Beginning with the line that holds "OF653 STORAGE CABINET" and ending with the last line of the entries below, copy every line exactly and nothing else, with the pictures left out.
● ● ●
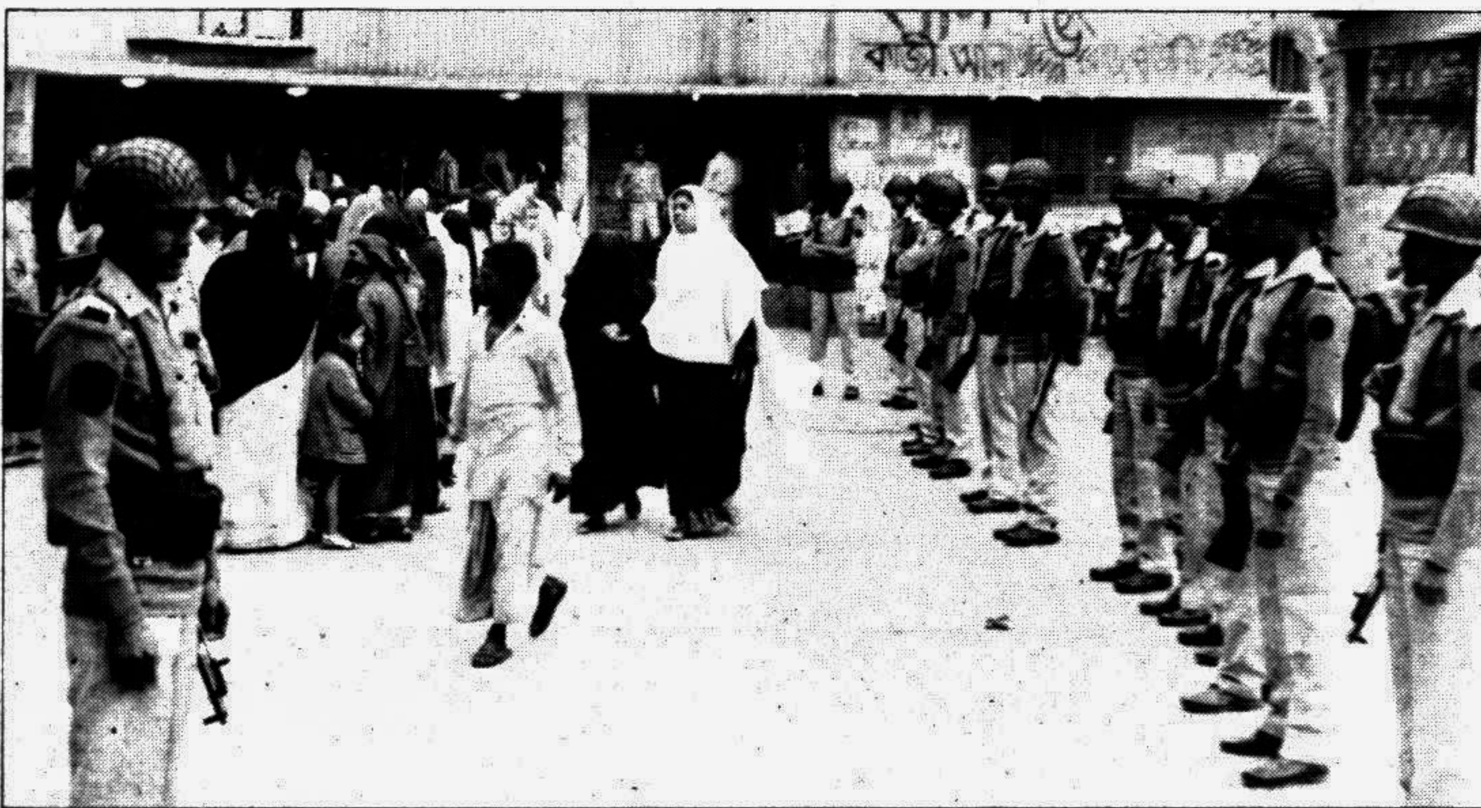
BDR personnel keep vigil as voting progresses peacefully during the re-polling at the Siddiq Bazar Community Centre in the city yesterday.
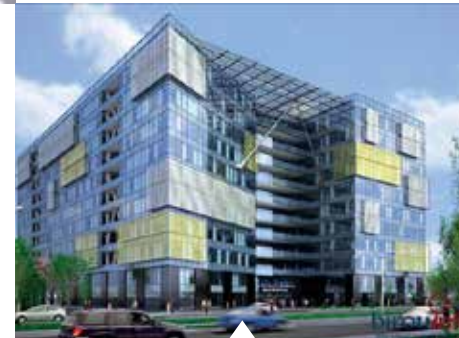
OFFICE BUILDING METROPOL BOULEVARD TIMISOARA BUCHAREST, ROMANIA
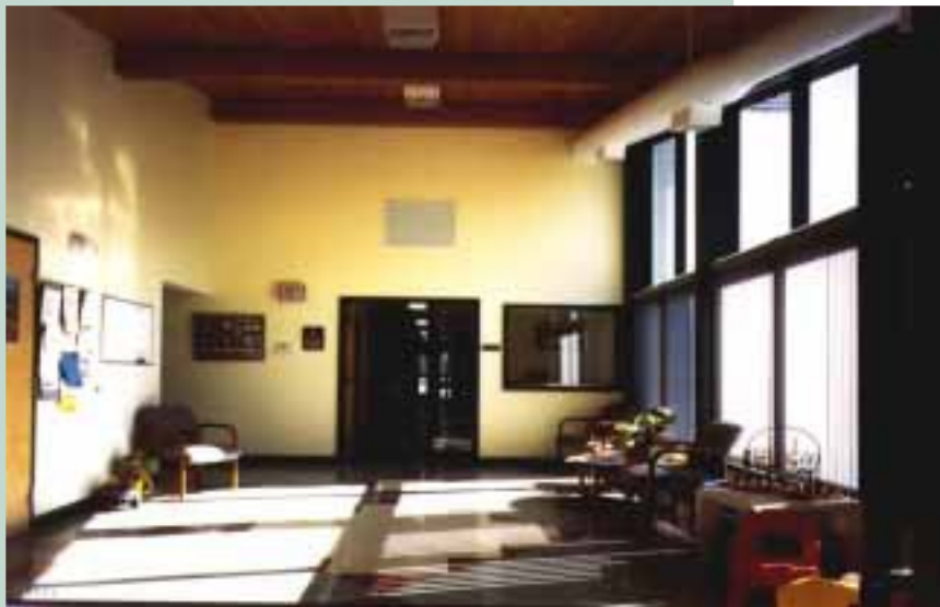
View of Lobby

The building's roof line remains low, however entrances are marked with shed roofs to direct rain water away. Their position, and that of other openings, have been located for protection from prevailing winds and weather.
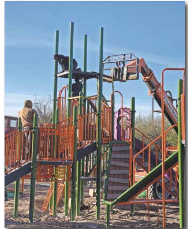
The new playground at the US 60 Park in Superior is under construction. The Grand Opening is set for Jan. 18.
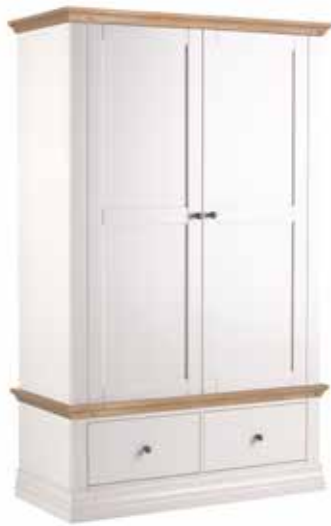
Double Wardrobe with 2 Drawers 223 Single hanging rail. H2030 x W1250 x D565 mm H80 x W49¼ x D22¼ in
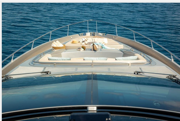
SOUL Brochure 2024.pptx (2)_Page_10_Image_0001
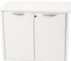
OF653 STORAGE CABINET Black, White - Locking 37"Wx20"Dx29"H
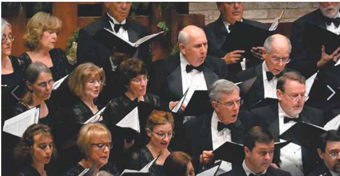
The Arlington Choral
● ● ●
= Response box =
OF653 STORAGE CABINET Black, White - Locking 37"Wx20"Dx29"H
The Arlington Choral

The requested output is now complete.